项目摘要 胶质母细胞瘤（GBM）是成人中最致命的脑癌形式。GBM患者的中位生存期为 仅在初次诊断后约14-16个月。基因组分析将GBM分为不同的亚组， 这是由核心信号通路的特定基因改变驱动的。然而，靶向治疗，如 作为针对受体酪氨酸激酶信号传导的疗法，在临床上已经失败。肿瘤细胞遗传异质性 是这次失败的主要原因之一。相比之下，GBM的肿瘤微环境（TME）在遗传上是 稳定，被认为是有前途的治疗靶点。肿瘤相关小胶质细胞和巨噬细胞 TAM是TME中最丰富的细胞群，占GBM中总细胞的50 肿瘤块我们最近的研究表明，昼夜节律调节因子CLOCK/BMAL 1是一种癌基因， GBM在神经胶质瘤干细胞（GSC）中高度表达，其作用是通过增加GSC的自我更新， 代谢作用，并通过上调趋化因子嗅觉调节素样3（OLFML 3）将小胶质细胞招募到TME中 表达（Chen等人，Cancer Discovery，2020）。然而，OLFML 3如何在分子水平上 触发小胶质细胞浸润以及小胶质细胞如何影响免疫抑制和免疫治疗 尚未确定。因此，我们在这项研究中的总体目标是解决这一知识差距， 将开发针对小胶质细胞治疗GBM的潜在治疗策略。为了实现这些目标，我们 提出三个具体目标。

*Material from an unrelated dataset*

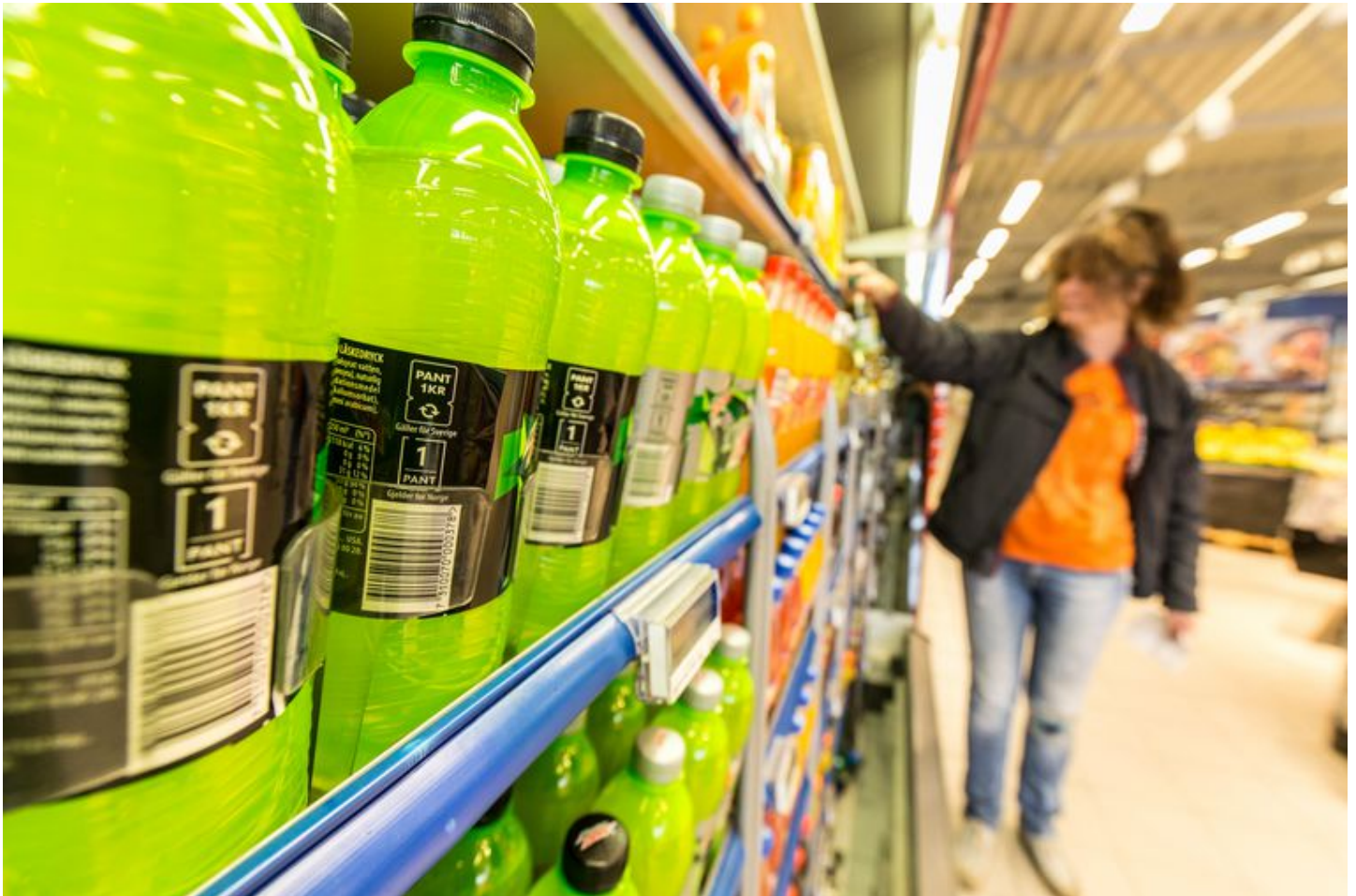
▲ Plastic flessen bij de Rema 1000.

Noorwegen noemt zich met trots 'wereldkampioen inzamelen'. Liefst 95 procent van alle blikjes en frisdrankflessen en -flesjes komen weer retour. Dankzij statiegeld en een milieuheffing.

在目标1中，我们将鉴定小胶质细胞中的OLFML 3传感器/受体或结合蛋白， 并确定其在CLOCK/BMAL 1高GBM中介导OLFML 3诱导的小胶质细胞浸润中的作用。在Aim中 2，我们将确定负责OLFML 1诱导的小胶质细胞的关键细胞内通路， 迁移和GBM进展。在目标3中，我们将研究抑制小胶质细胞浸润是否可以 逆转GBM对免疫疗法的原发性耐药性，从而开发新的治疗策略， 用免疫检查点抑制剂抑制小胶质细胞浸润。我们建议采用综合战略 结合获得和丧失功能的方法，在体外和体内系统，以及蛋白质组学和 转录组学分析以测试每个目标。总之，这个项目将揭示小胶质细胞的新机制， 并揭示了新GBM免疫策略。